**INFORMATION GIVEN**
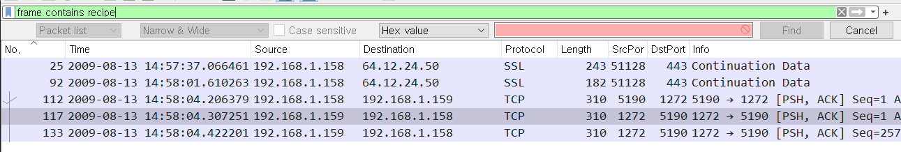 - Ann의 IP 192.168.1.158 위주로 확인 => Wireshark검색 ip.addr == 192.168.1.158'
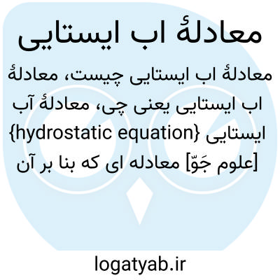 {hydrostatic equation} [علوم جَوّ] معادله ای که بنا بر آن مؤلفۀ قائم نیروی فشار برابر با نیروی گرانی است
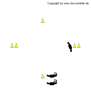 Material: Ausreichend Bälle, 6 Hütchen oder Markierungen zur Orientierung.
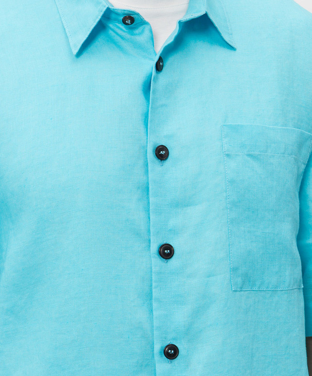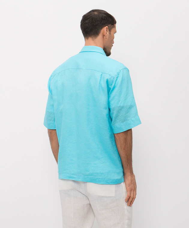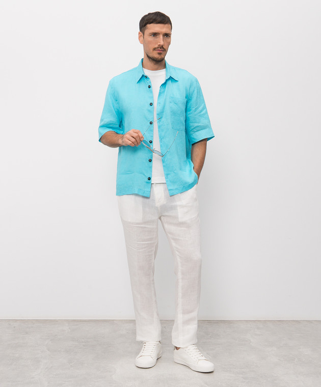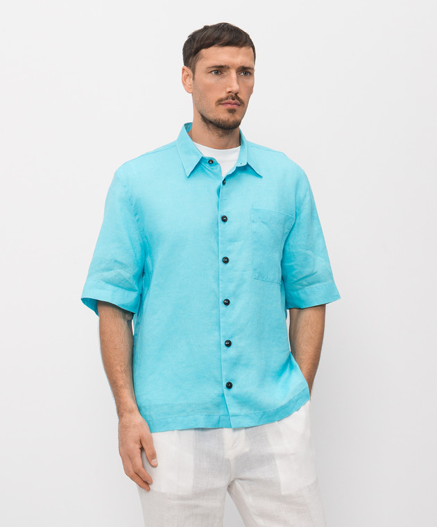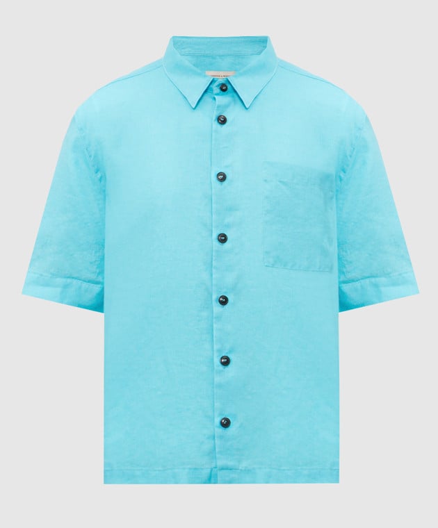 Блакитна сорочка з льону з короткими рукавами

==

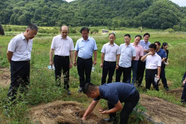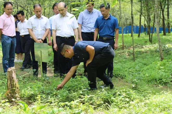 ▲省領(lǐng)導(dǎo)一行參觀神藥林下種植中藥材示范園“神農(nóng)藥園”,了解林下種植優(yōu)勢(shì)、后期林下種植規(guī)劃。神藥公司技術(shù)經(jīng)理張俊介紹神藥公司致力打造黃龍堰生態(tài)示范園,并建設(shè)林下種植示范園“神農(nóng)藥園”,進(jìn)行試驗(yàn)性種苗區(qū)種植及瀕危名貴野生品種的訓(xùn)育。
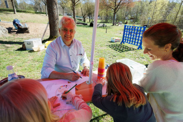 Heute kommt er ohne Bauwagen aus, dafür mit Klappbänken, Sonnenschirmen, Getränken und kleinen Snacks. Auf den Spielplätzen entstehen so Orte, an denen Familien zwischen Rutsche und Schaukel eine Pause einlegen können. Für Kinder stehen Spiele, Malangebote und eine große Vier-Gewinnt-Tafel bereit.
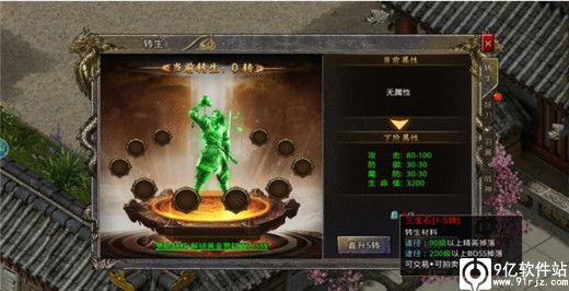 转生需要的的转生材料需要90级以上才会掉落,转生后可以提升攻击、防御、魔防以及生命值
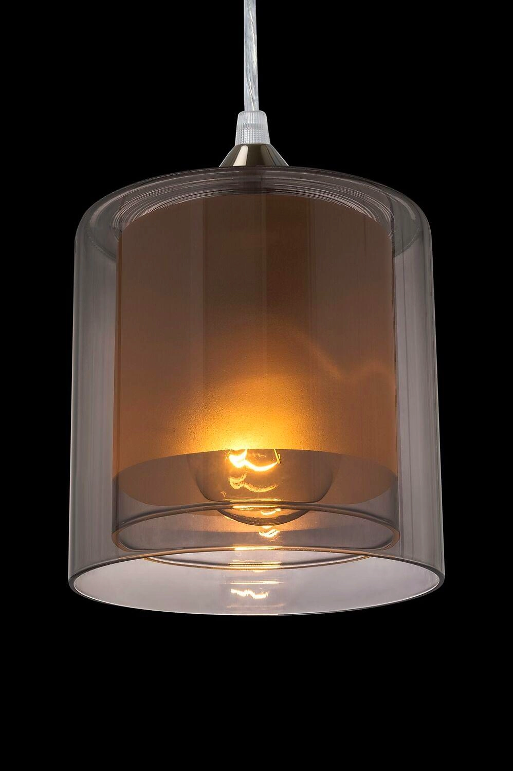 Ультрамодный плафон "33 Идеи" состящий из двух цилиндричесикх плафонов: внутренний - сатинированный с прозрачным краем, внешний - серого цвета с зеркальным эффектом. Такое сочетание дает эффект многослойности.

...

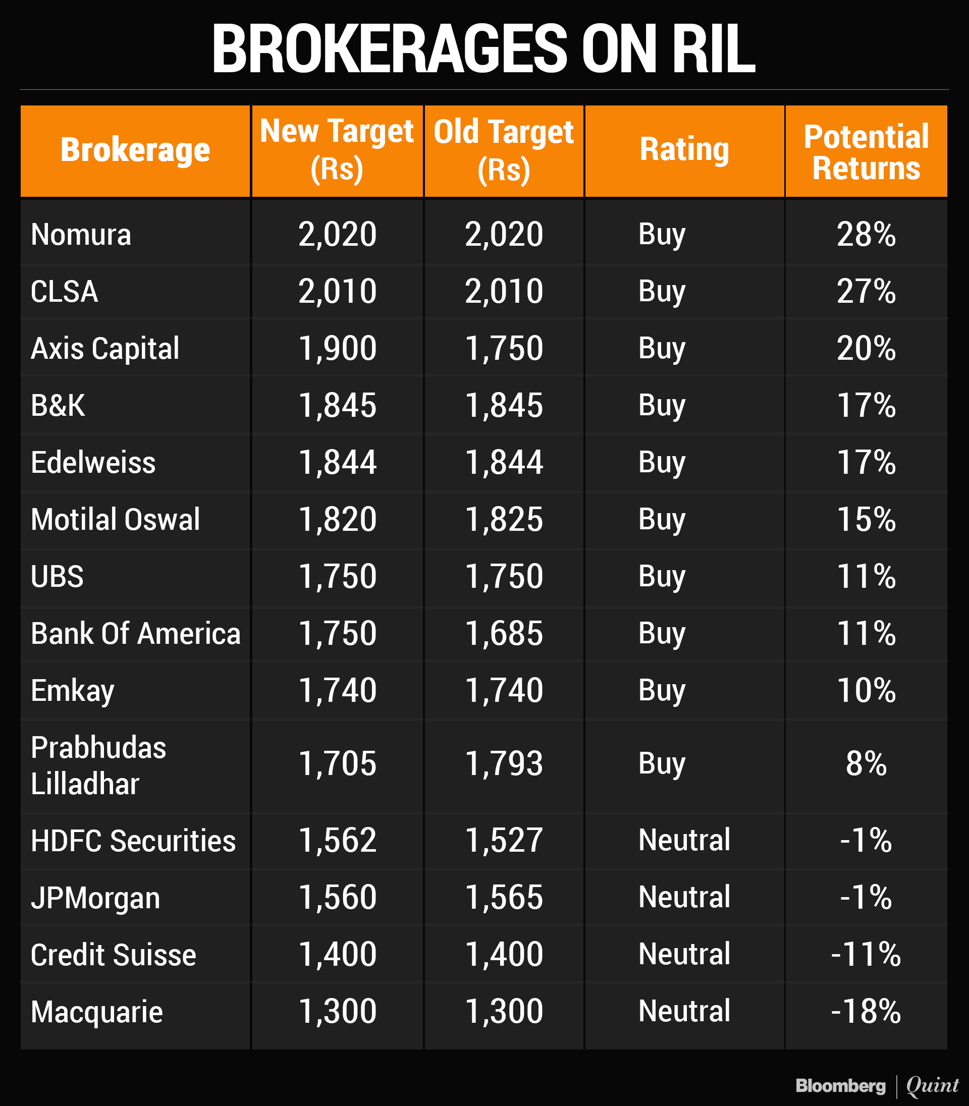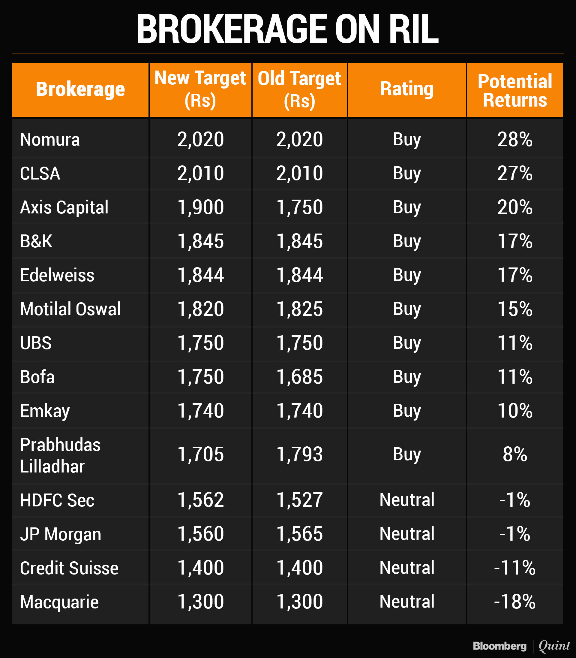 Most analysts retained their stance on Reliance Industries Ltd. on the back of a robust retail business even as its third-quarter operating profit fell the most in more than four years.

**TO DO**
Above are some entries. Restate word for word the lines from the one holding "نیروی گرانی است" through the one holding "Блакитна сорочка з", but not the pictures.

**TASK ANSWER**
 {hydrostatic equation} [علوم جَوّ] معادله ای که بنا بر آن مؤلفۀ قائم نیروی فشار برابر با نیروی گرانی است
 Material: Ausreichend Bälle, 6 Hütchen oder Markierungen zur Orientierung.
 Блакитна сорочка з льону з короткими рукавами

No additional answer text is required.